Friday, January 19, 2018

Playing in the Autumn leaves

I have been trying out the PnP game Autumn. It’s a small, eighteen card build that requires nothing but the cards, although there are two different decks: one for two players and one for three players.

Autumn, the first in a four-game series (I bet you can guess what the other three games will be and Winter has already been produced), is a very simple tile laying game. Each card is broken down into four quadrants, each one showing a pile of leaves. There’s two different types of leaves for two-players and three for three-players. 

The basic idea of the game is dead simple. Draw a card and place a card on the table as part of a growing tableau/map of leaves. Everyone has their own type of leaves and you score your biggest group, most points winning.

And if that was it, then Autumn wouldn’t be very interesting. I mean, that is one of the most basic tile-laying concepts you can come up with. If that’s all there was, it wouldn’t be bringing anything new to the party.

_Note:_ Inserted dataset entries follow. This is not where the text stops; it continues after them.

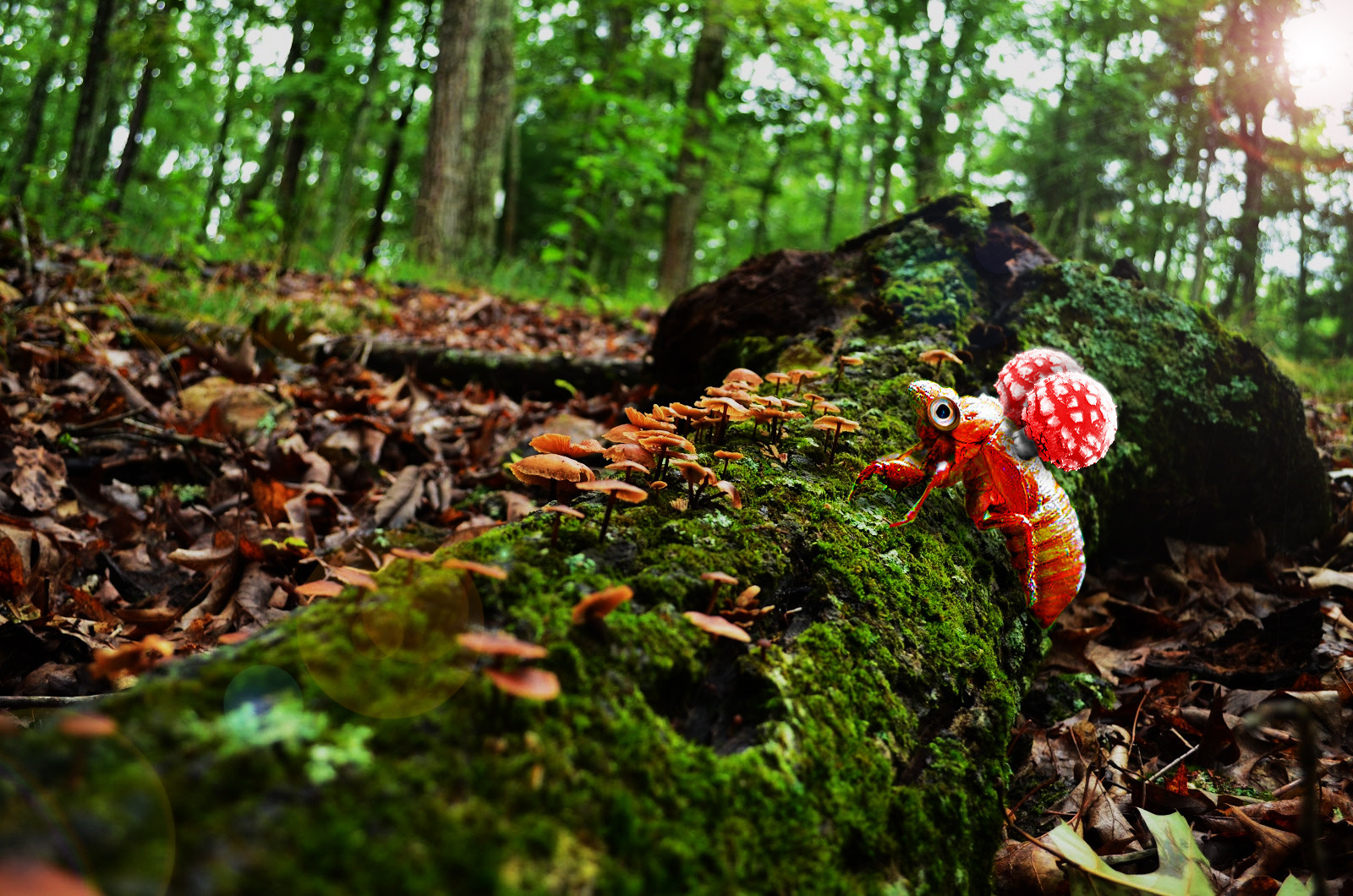 Description: A mushroom is sitting on a mossy log in the woods with sun shining through the trees behind it.
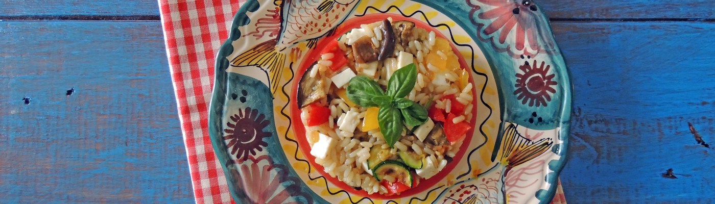 Insalata di riso (integrale) condita con ortaggi grigliati, pomodorini datterini (rossi e gialli) e dadini di formaggio primo sale. Un primo piatto, fresco, leggero e colorato. Ideale per un pranzo estivo o per un pic-nic al mare😊.
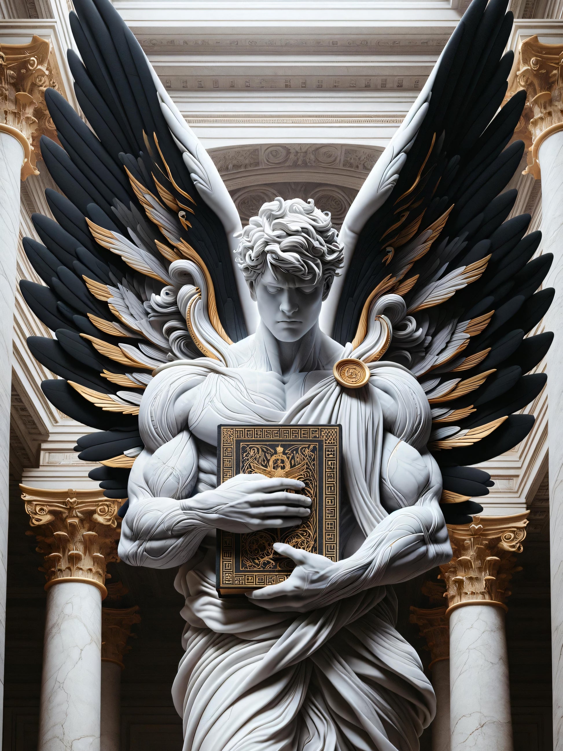 Behold the majestic visage of an angelic being, sculpted to perfection amidst the marbled halls of divine wisdom. With wings that eclipse even the sun's grandeur, this figure stands guard over ancient texts and untold secrets. The intricate details of each feather seem to whisper tales of celestial flights and heavenly decrees. As the keeper of sacred knowledge, the ethereal being radiates an aura of solemnity and enigmatic power, inviting onlookers to ponder the mysteries of the universe contained within the gilded tome cradled in its grasp. This image, a testament to the sublime artistry of the sculptor, captures the essence of the divine messenger, inspiring awe and reverence in every observer.
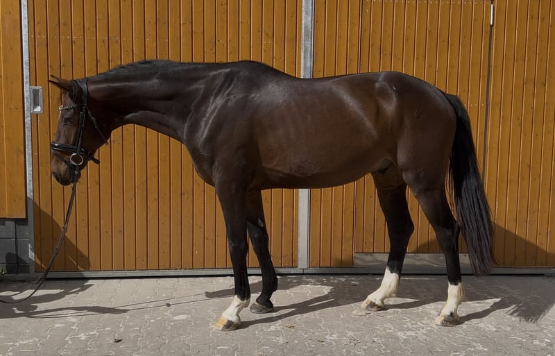 Verkaufsanzeige: Traumhafter Hannoveraner Wallach** Zum Verkauf steht ein vielversprechender Hannoveraner Wallach, geboren im Jahr 2022. Dieser elegante Braune Wallach besticht durch sein harmonisches Exterieur und hat ein Stockmaß von 167 cm. Unser Wallach ist bestens für die Dressur geeignet und zeigt bereits vielversprechende Ansätze in der Ausbildung. Mit seinem freundlichen Wesen und seiner Lernbereitschaft ist er der ideale Partner für ambitionierte Reiter, die ein talentiertes Pferd für den Dressursport suchen. Er ist brav im Umgang, gut erzogen und hat ein einwandfreies Gesundheitszeugnis. Dieser Hannoveraner hat das Potenzial, sich in der Dressur weiterzuentwickeln und viel Freude zu bereiten. Bei Interesse oder für weitere Informationen stehen wir Ihnen gerne zur Verfügung. Mutter Donna Dorrie M : 4. Generation Staatsprämienstute In 2010 4. Platz bei der Friedrich Jahncke Schau in der Abteilung 3-jährige mit Prüfung. Stutenstamm der Antipathie Direkter Mutterstamm (Nachkommen aus der Mutter, Schwester, Tante etc.): - Laeticia Casta, Stute v. Londonderry, S-erfolgreich - Donero von Don Schufro bis Inter** erfolgreich - Boney M. von Bonifatius: 2006 unter Hermann Burger Hannoveraner Championess der 6-jährigen Dressurpferde und später S* St. Georg siegreich und belegte in S** den 5. Platz. - Bourbon v. Bonifatius: 3. Platz im Hannoveraner Championat bei den 5-jährigen Dressurpferden und wurde 7. beim Bundeschampionat in 2006 - Belargio v. Bonifatius S erfolgreich - StPrSt Whoopy von Weltmeyer, 1995 Siegerstute der Louis-Wiegel Schau, wurde in die USA verkauft. Dort mehrfach Championess der Schauen an der Ostküste und brachte hochprämierte Fohlen. - Whoopy II, sowie ein Bruder von Fürst Heinrich sind bis M platziert. - De Beers von De Niro in den USA bis Inter II erfolgreich - Qi Gong von Quaterback Inter I/PSG erfolgreich in den USA Aus Großtanten/Großcousinen: - Why Me von Westerland, Teilnehmer für Japan an den Weltreiterspielen in Kentucky 2010 mit Hiroyuki Kitahara - D'Amour WS von Depardieu S** erfolgreich (31 S-Platzierungen). - WilyFox von Wolkentanz I S-Dr erfolgreich, sowie die M erfolgreichen Pferde Wolkenfee und Wolkenzauber. Weitere Sportpferde aus dem Stamm: Fürst Khevenhüller (Helen Langehanenberg), Hemingway 60 S**** platziert in 2018, Gekörte Hengste aus dem Stamm u.a. Bohemian (Birkhof), Royal Blend, Shakespeare in Love, Don Bedo I + II
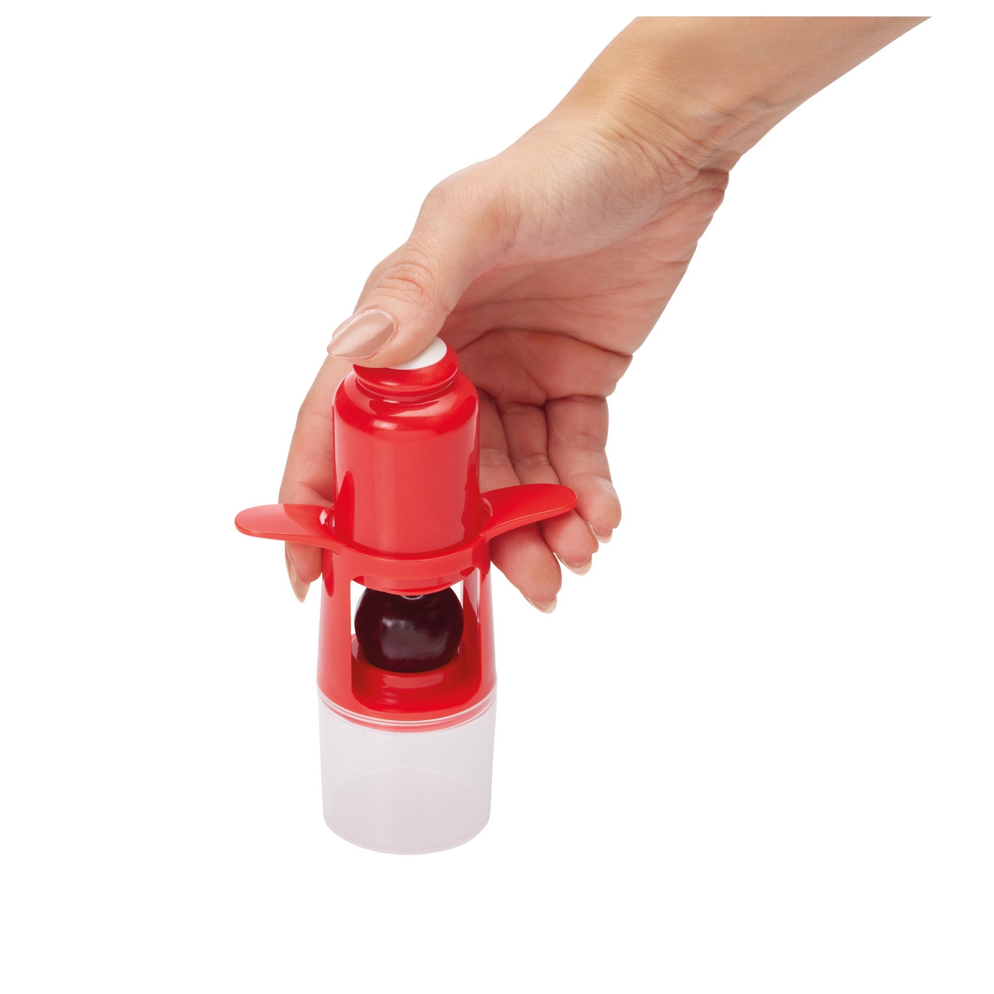 A kereszt alakú penge segítségével eltávolítható a cseresznye magja, anélkül, hogy a cseresznye húsa sérülne, a mag az eszköz alsó rekeszébe gyűl. Olajbogyó kimagozásához is ideális.
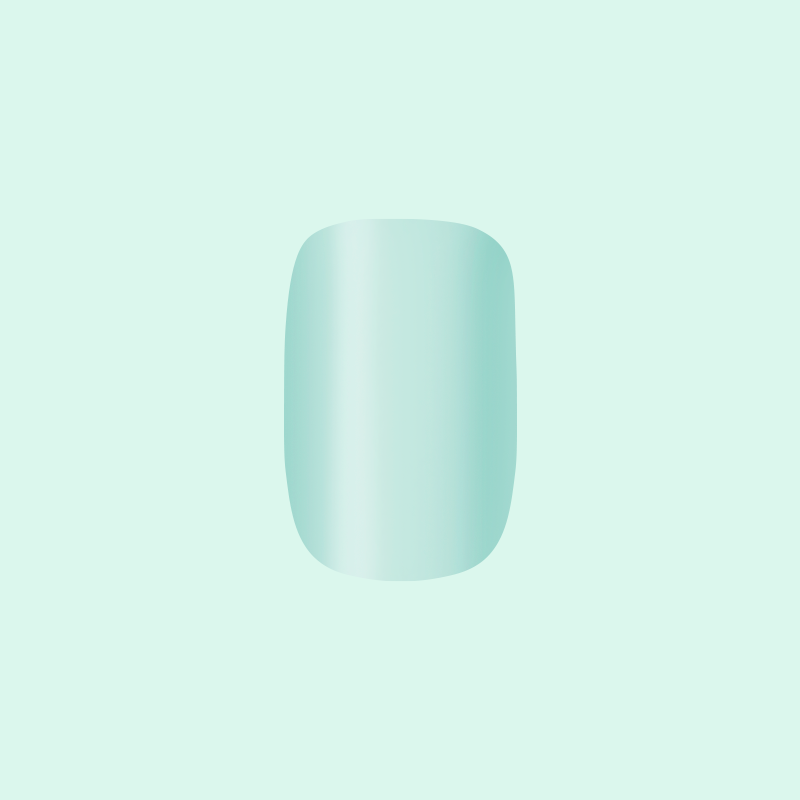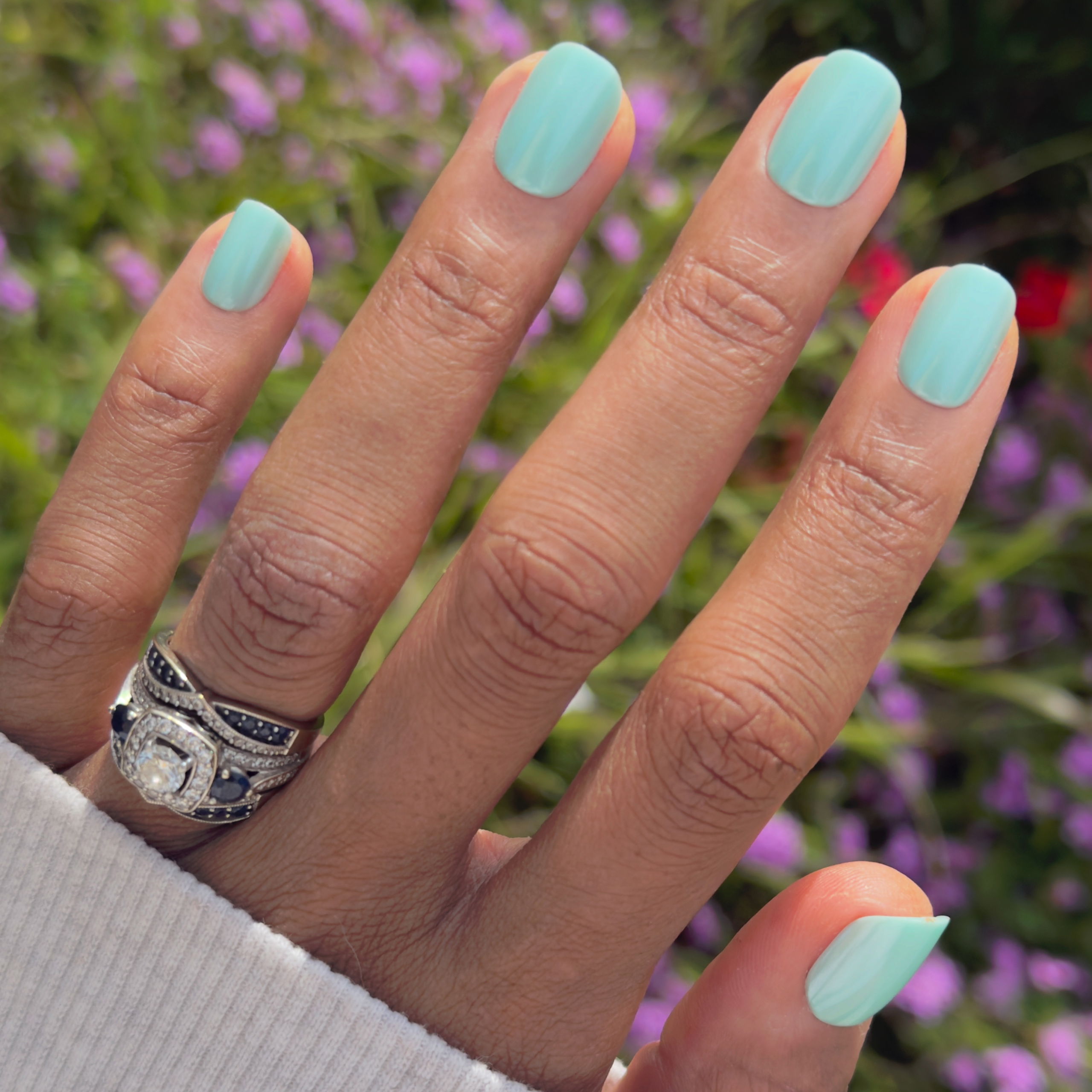 A bright turquoise mani topped with soft shimmery chrome in an extra short squoval shape.

Fortunately, the game has a couple of interesting flourishes.

The first, and it certainly not a unique or innovative idea, is that it uses the pie rule to determine who has what color/leaf type. Like I said, this isn’t anything amazing or new. But it does add a little bit of depth to the game.

Second, and much more interesting, you don’t match edges. Instead, every placement must cover one or two quadrants that are already in play. First of all, that’s more unusual which is fun. Second of all, that creates a greater number of choices. It also means that blocking is more flexible, creating a more confrontational and interesting game.

I’ve only played it solitaire so far. One-player mode uses the same placement rules but your score is the third largest group. So it still creates some interesting choices.

However, having now logged some solitaire plays, I think it’d be worth trying multi-player. In fact, given the fact that I think blocking will be interesting, I think that’s where the game’s real strength will be.

Now, Autumn is an eighteen-card micro game. And while I truly believe that are some micro games that stretch and test the limits of what a micro game can be, Autumn is not one of them. It is a quick little game that feels eighteen cards big.

I don’t know how much replay value Autumn has. However, it’s a game that took a minimum effort to make. I’ll get more than enough play out of it for what it took to make it. Plus, it is tiny enough that I can easily carry it in my bag. If I double-side it so the two-player deck is on one side and the three-player is on the other, it’s a travel game for one to three players.

Autumn is not a top-tier, change-your-life print and play game. However, I would say that it is pretty solidly in the second tier. If you are like me and a relatively lazy game crafter, it is well worth the making.